# Rockfish Baked in Foil with Leeks and Carrots



## keezy (Jul 1, 2003)

I just made this tonight from a recipe in Cooks Illustrated. I was skeptical b/c I usually fry or grill my fish, but I can tell you this was awesome! The original recipe was for Cod, but you could use any thick white fish fillets. I used some frozen rockfish fillets from December. Served it with a baked potato.

Ingredients
4 tablespoons unsalted butter, softened 
1 1/4 teaspoons fresh lemon zest, lemon cut into wedges 
2 medium garlic cloves, minced 
1 teaspoon fresh thyme leave, minced 
table salt 
ground black pepper 
2 tablespoons fresh parsley leaves, minced 
2 medium carrots, peeled and cut into matchsticks (about 1 1/2 cups) 
2 medium leeks, white and light green parts halved lengthwise, washed, and cut into matchsticks (about 2 cups) 
4 tablespoons vermouth or dry white wine 
4 cod fish fillets, 1 to 1 1/4 inches thick (about 6 ounces each)

Directions:
1. Combine butter, 1/4 t zest, 1 t garlic, thyme, 1/4 t salt, and 1/8 t pepper in small bowl.
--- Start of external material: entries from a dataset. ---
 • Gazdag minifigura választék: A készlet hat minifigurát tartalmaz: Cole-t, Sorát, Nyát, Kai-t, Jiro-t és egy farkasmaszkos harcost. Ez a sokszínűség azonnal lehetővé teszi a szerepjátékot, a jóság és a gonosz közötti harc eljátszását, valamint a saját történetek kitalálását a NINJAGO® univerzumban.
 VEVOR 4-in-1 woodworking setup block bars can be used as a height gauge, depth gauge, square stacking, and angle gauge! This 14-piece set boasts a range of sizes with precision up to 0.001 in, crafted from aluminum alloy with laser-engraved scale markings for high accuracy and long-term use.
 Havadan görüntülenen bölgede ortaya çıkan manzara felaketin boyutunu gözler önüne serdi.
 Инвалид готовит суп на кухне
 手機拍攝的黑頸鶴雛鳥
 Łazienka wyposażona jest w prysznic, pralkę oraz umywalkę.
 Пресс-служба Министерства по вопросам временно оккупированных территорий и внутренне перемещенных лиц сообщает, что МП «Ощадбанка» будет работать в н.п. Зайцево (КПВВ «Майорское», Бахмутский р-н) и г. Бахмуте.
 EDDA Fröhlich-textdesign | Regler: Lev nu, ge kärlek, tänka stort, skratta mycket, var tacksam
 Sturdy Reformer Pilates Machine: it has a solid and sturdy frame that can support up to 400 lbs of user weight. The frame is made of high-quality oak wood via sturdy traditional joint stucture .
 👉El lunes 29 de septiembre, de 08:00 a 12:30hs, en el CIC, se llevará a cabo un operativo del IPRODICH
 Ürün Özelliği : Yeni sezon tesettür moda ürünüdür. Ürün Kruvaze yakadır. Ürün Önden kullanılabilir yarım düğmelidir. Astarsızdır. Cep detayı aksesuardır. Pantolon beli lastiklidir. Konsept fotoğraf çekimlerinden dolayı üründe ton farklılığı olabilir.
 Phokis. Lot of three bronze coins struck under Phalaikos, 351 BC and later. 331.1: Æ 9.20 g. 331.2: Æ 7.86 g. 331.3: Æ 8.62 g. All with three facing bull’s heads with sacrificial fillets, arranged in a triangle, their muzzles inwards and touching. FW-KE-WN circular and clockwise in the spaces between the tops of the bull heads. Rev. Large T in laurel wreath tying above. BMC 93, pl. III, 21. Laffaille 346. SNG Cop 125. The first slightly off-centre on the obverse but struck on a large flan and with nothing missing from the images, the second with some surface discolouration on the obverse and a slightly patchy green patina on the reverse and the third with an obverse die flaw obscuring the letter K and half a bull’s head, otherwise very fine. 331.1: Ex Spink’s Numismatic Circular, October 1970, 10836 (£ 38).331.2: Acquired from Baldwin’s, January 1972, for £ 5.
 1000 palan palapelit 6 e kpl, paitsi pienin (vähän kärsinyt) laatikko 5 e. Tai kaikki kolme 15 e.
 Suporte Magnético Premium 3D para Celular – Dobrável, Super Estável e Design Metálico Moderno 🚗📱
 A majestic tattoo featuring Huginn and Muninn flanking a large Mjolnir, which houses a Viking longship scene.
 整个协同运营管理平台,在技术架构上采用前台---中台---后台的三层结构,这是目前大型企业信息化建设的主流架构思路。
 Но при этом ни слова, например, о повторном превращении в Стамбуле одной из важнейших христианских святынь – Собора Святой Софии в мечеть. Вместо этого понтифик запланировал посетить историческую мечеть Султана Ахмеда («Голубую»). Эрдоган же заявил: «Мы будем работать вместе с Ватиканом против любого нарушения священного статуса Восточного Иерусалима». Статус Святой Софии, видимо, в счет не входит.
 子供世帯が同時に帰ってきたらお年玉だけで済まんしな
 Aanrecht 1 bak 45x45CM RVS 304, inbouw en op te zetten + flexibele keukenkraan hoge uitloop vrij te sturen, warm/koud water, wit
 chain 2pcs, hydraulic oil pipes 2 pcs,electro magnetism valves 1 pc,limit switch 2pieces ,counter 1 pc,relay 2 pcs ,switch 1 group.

Combine parsley, remaining t zest, and remaining t garlic in another small bowl; set aside. Place carrots and leeks in medium bowl, season with salt and pepper, and toss together. 
2. Adjust oven rack to lower-middle position and heat oven to 450 degrees. Cut eight 12 inch sheets of foil; arrange four flat on counter. Divide carrot and leek mixture among foil sheets, mounding in center of each. Pour 1 T vermouth over each mound of vegetables. Pat fish dry with paper towels; season with salt and pepper and place one fillet on top of each vegetable mound. Spread quarter of butter mixture on top of each fillet. Place second square of foil on top of fish; crimp edges together in 1/2 inch fold, the fold over three more times to create a packet about 7 inches square. Place packets on rimmed baking sheet (overlapping slightly if necessary). 
3. Bake packets 15 minutes. Carefully open foil, allowing steam to escape away from you. Using thin metal spatula, gently slide fish and vegetables onto plate with any accumulated juices; sprinkle with parsley mixture. Serve immediately, passing lemon wedges separately.


----------